(Stored data)

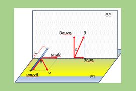 Τα επίπεδα Ε1 και Ε2 είναι κάθετα μεταξύ τους με το Ε1 οριζόντιο. Η μεταλλική ράβδος μήκους L είναι πάνω στο Ε1 και κάθετη στο Ε2 ενώ κινείται με ταχύτητα υ που σχηματίζει γωνία θ με τον άξονα της ράβδου, πάνω στο Ε1.
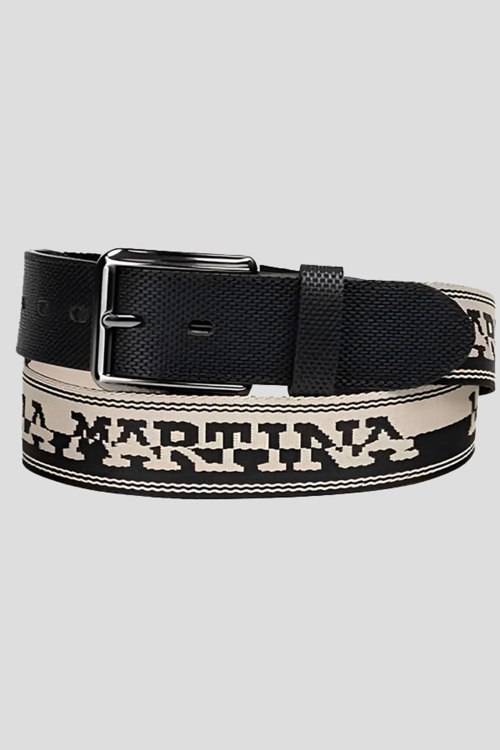 Детали: Мужской черно-бежевый ремень из текстиля и кожи от La Martina (Ла Мартина). Комбинация цветов и материалов, принт с логотипом, металлическая пряжка. Ширина - 4 см
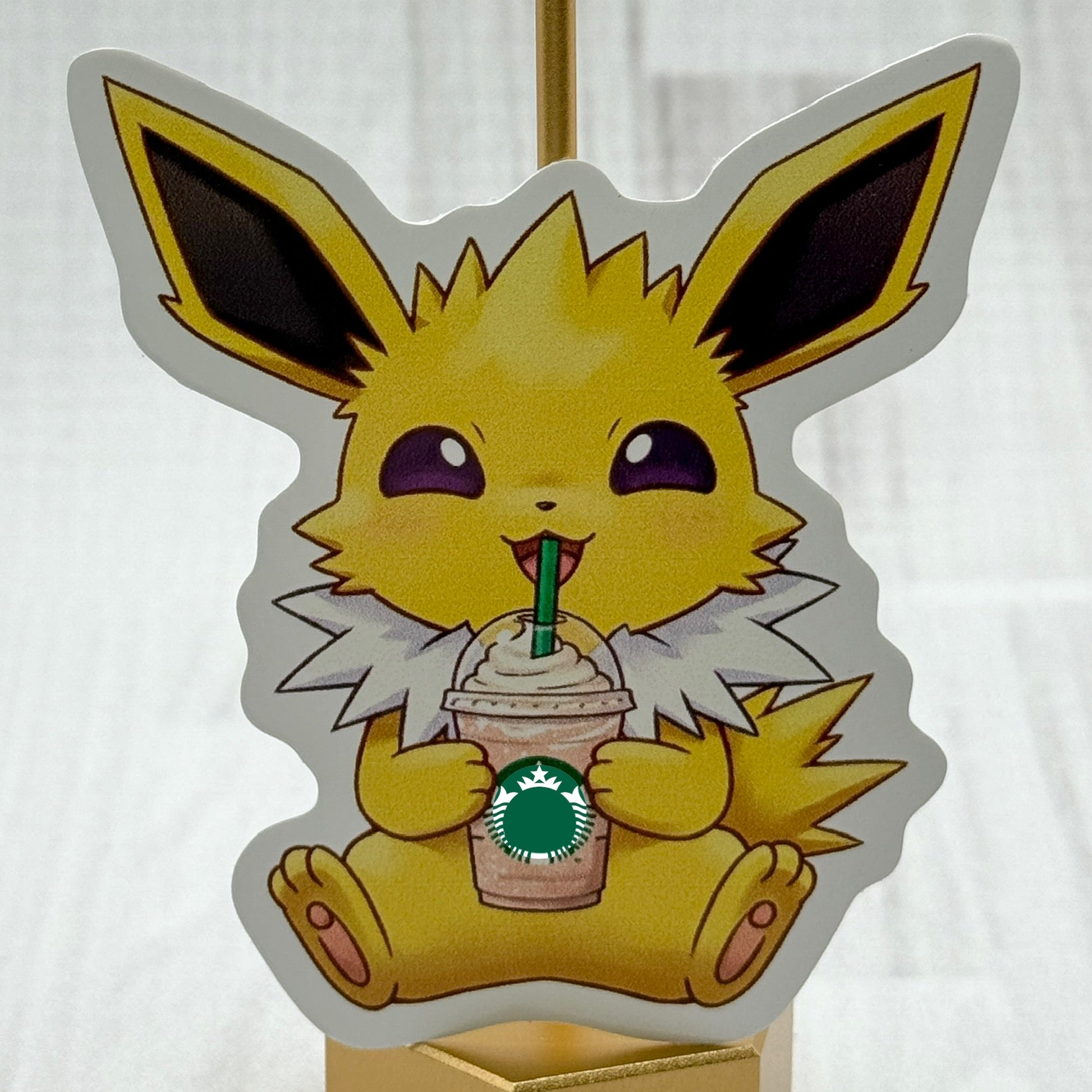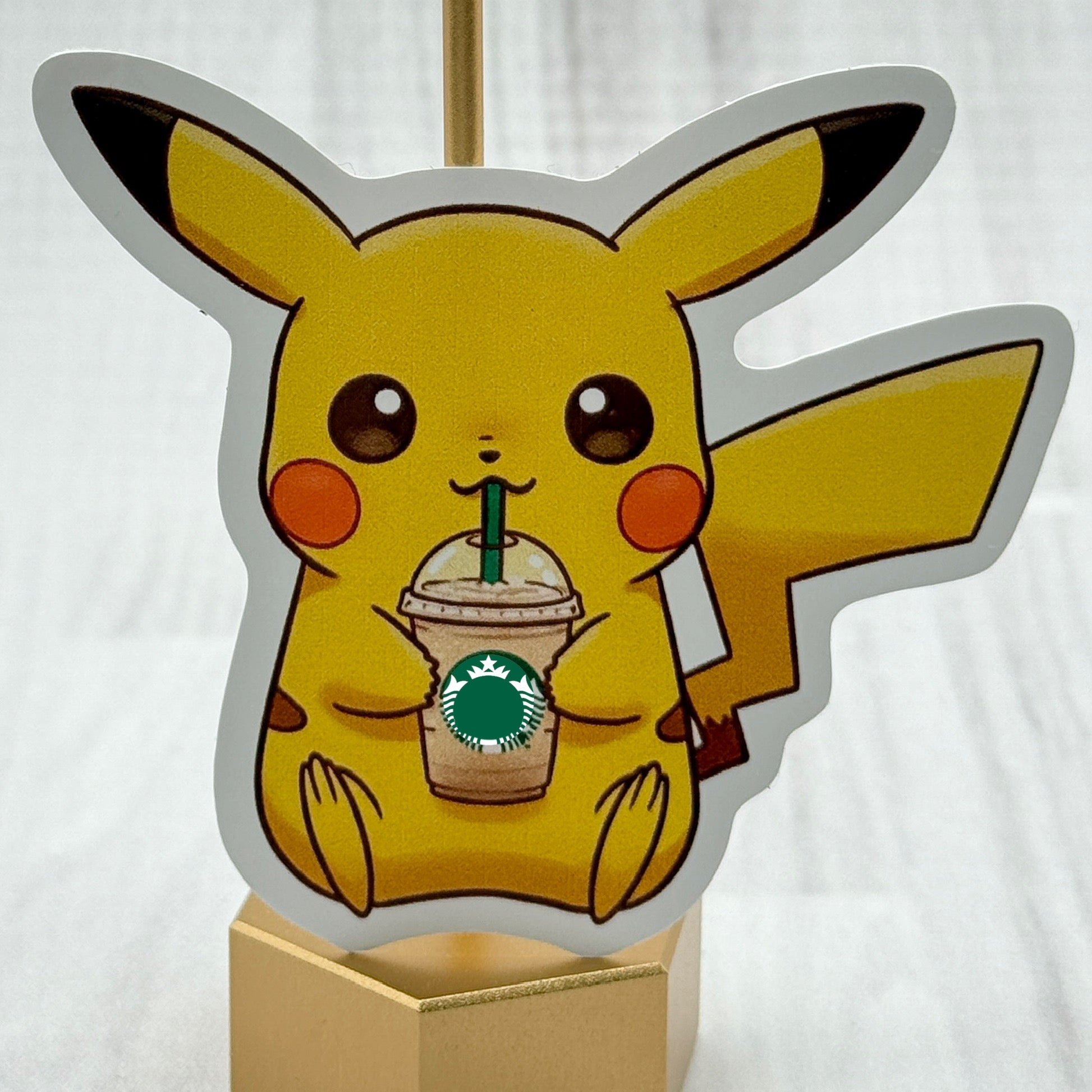 Your favorite fandom friends, now with coffee in hand! These 3" vinyl stickers feature chibi-inspired creatures enjoying their own frothy drinks — from dragons to pocket pals — making them perfect for laptops, water bottles, planners, or coffee tumblers. Each design is waterproof, weatherproof, and professionally printed for a vibrant, long-lasting finish. Choose your favorite character or collect the full brew crew.
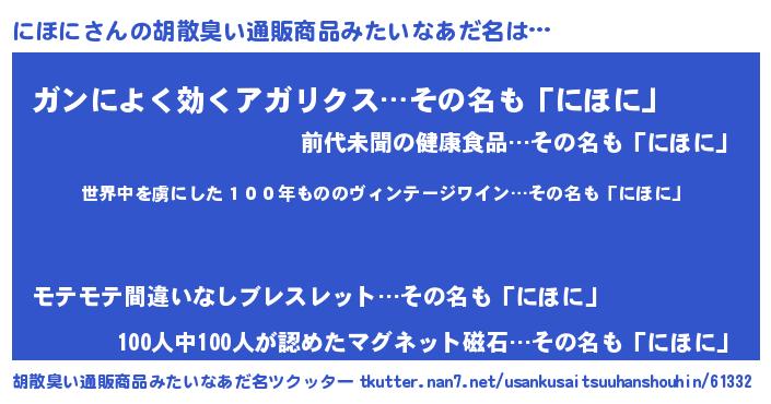 | ポケモン風あだ名 | 『ニーホイ』『ニホセウス』 |
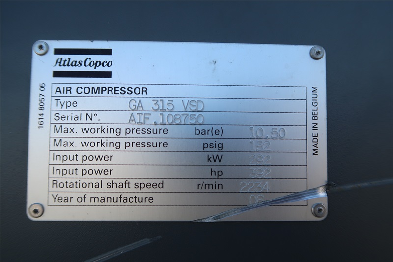 ROTARY SCREW AIR COMPRESSOR, VARIABLE SPEED DRIVE W/SIEMENS 392 HP/1,775 RPM MOTOR (REBUILT IN 2020), BUILT IN COMPRESSED AIR REFRIGERANT DRYER, AIR COOLED (MISSING SOME SIDE PANELS)(LOCATED IN GRANGEVILLE, ID)
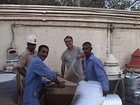 The weight of the container required a crane to be used to re-set the wheels after loading. We wrapped and sealed over 150 lights, lenses, and boxes of spare parts during each of our long days there. Since there was no fork lift available, we loaded the 500mm and 300mm lights using a hand truck! Many heartfelt thanks to all the great MENAS staff that assisted us with anything we needed!
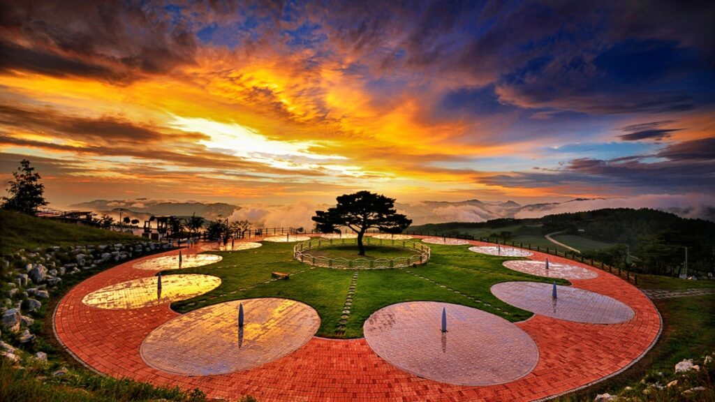 안개가 천천히 능선을 덮고, 붉은 잎사귀가 물결처럼 산허리를 따라 흐른다. 계곡물 위로 비치는 햇살은 유리처럼 투명하고, 바람은 나뭇잎 사이를 스치며 깊은 산의 향기를 남긴다.

(End Stored data)

Only the lines from the beginning of the records up to and including the line with "Детали: Мужской черно-бежевый" should appear, exactly as they are, and no pictures.

■ Response area:
 Τα επίπεδα Ε1 και Ε2 είναι κάθετα μεταξύ τους με το Ε1 οριζόντιο. Η μεταλλική ράβδος μήκους L είναι πάνω στο Ε1 και κάθετη στο Ε2 ενώ κινείται με ταχύτητα υ που σχηματίζει γωνία θ με τον άξονα της ράβδου, πάνω στο Ε1.
 Детали: Мужской черно-бежевый ремень из текстиля и кожи от La Martina (Ла Мартина). Комбинация цветов и материалов, принт с логотипом, металлическая пряжка. Ширина - 4 см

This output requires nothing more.